先のアーティクルではAvocadoモデルと、CapExの観点でまとめましたが、人材の混乱についてまとめます。
Llama 4の開発難航とプロプライエタリ・モデル「Avocado」への急進的な転換は、MetaのAI組織内に深刻な亀裂を生み、象徴的なリーダーや中核研究者の大規模な離脱を招きました。主な人材損失の状況は以下の通りです。
- 象徴的リーダーと「FAIR」旧守派の退陣
最も大きな衝撃を与えたのは、MetaのAI研究の象徴であった ヤン・ルカン(Yann LeCun)の辞任です 。彼は、スピード重視の「Demo, don’t Memo(メモよりデモ)」という新方針や、研究よりも製品化を優先する体制に反発し、2025年末に同社を去りました。また、 FAIR(Fundamental AI Research)部門を率いていたジョエル・ピノー(Joelle Pineau) も、Llama 4の不振を受けて2025年4月に解任されています。
- オリジナル「Llama」チームの崩壊
2023年にLlamaの画期的な論文を執筆した14人の主要研究者のうち、2025年5月時点でMetaに残っているのはわずか3名(約22%)に過ぎません。

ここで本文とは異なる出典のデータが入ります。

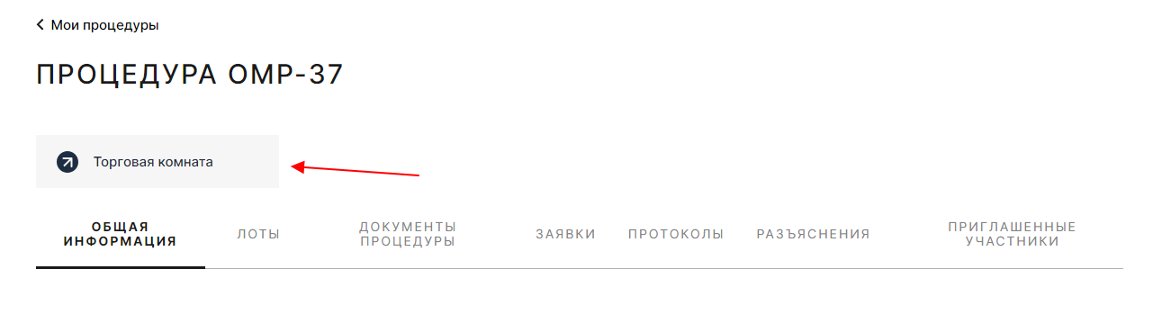 раздела «Мои процедуры» , на странице процедуры торгов

離脱率78% : オリジナルメンバーの多くは、Mistral AI(ギヨーム・ランプ、ティモシー・ラクロワらが設立)などのライバル企業へ移籍、あるいは自らスタートアップを立ち上げました。
ベテランの喪失 : 離脱したメンバーは平均5年以上Metaに在籍していたディープな知見を持つ研究者であり、Metaは「創造的な原動力」を失ったと指摘されています。
- 「Meta Superintelligence Labs (MSL)」での新旧対立と離脱
アレクサンドル・ワン(Alexandr Wang)の指揮下で新設された「TBD Lab」では、外部から引き抜いたスター人材の定着に苦戦しています。
超短期での離脱 : OpenAIやxAIから巨額の契約金で引き抜かれた アヴィ・ヴェルマ(Avi Verma)やイーサン・ナイト(Ethan Knight) らは、MSL加入からわずか数週間から1か月で古巣のOpenAIへ戻るという異例の事態が起きました。
「Us vs Them(俺たちか、あいつら(古参)か)」の文化 : ワン氏が主導する新体制は、InstagramやFacebookのデータ活用を優先するクリス・コックス(CPO)やアンドリュー・ボスワース(CTO)ら「古参」幹部と激しく対立しました。
マイクロマネジメントへの不満 : ワン氏やザッカーバーグ氏の直接的で過剰な干渉(マイクロマネジメント)が「息苦しい(suffocating)」と感じる研究者が多く、これが短期離脱の要因となっています。
- 組織の空洞化
2025年10月には、組織の俊敏性を高めるという名目で、MSLやFAIR、AIインフラ部門から約600名が解雇されました。このリストラと相次ぐ幹部(法務責任者のジェニファー・ニューステッドや収益責任者のジョン・ヘゲマンら)の退任により、MetaのAI部門は経験豊富な人材が大幅に不足する「空洞化」の危機に直面しています。